While mesh networking for edge settings (e.g., smart buildings, farms, battlefields, etc.) has received much attention, the layer of control over such meshes remains largely centralized and cloud-based. This paper focuses on applications with sense-trigger-actuate (STA) workloads -- these are similar to the abstraction of routines popular in smart homes, but applied to larger-scale edge IoT deployments. We present CoMesh, which tackles the challenge of building local, non-cloud, and decentralized solutions for control of sense-trigger-actuate applications. At its core CoMesh uses an abstraction called k-groups to spread in a fine-grained way, the load of STA actions. Coordination within the k-group uses selective fast and cheap mechanisms rather than expensive off-the-shelf solutions. k-group selection is proactively dynamic, and occurs by using a combination of zero-message-exchange mechanisms (to reduce load) and locality sensitive hashing (to be aware of physical layout of devices). We analyze and theoretically prove the safety of CoMesh's mechanisms. Our evaluations using both simulation and Raspberry Pi lab deployments show that CoMesh is load-balanced, fast, and fault-tolerant.
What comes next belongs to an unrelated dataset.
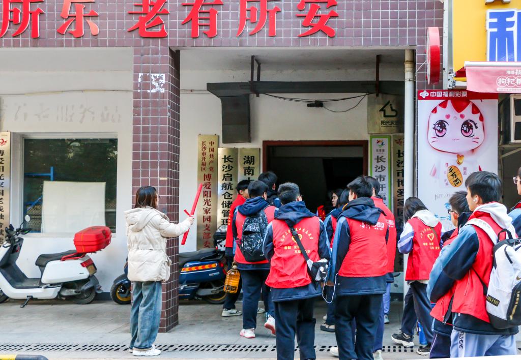 下午,阳光灿烂,志愿者们穿着红马甲,举着旗帜出发了。一路上大家沿着福元路,穿过洪山大桥,来到四方坪滨江社区博爱阳光家园。

翻译：尽管面向边缘场景（例如智能建筑、农场、战场等）的网格网络已受到广泛关注，但此类网格的控制层仍主要依赖于集中式云端方案。本文聚焦于具有感知-触发-执行（STA）工作负载的应用——这些应用类似于智能家居中流行的例程抽象，但应用于更大规模的边缘物联网部署。我们提出CoMesh，旨在解决为感知-触发-执行应用构建本地化、非云端且去中心化控制方案的挑战。CoMesh的核心采用一种名为k-groups的抽象，以细粒度方式分散STA动作的负载。k-group内部的协调利用选择性快速且低成本的机制，而非昂贵的现成方案。k-group的选择具有主动动态性，通过结合零消息交换机制（以降低负载）与位置敏感哈希（以感知设备的物理布局）实现。我们分析并理论证明了CoMesh机制的安全性。基于仿真与树莓派实验室部署的评估表明，CoMesh具备负载均衡、快速响应及容错能力。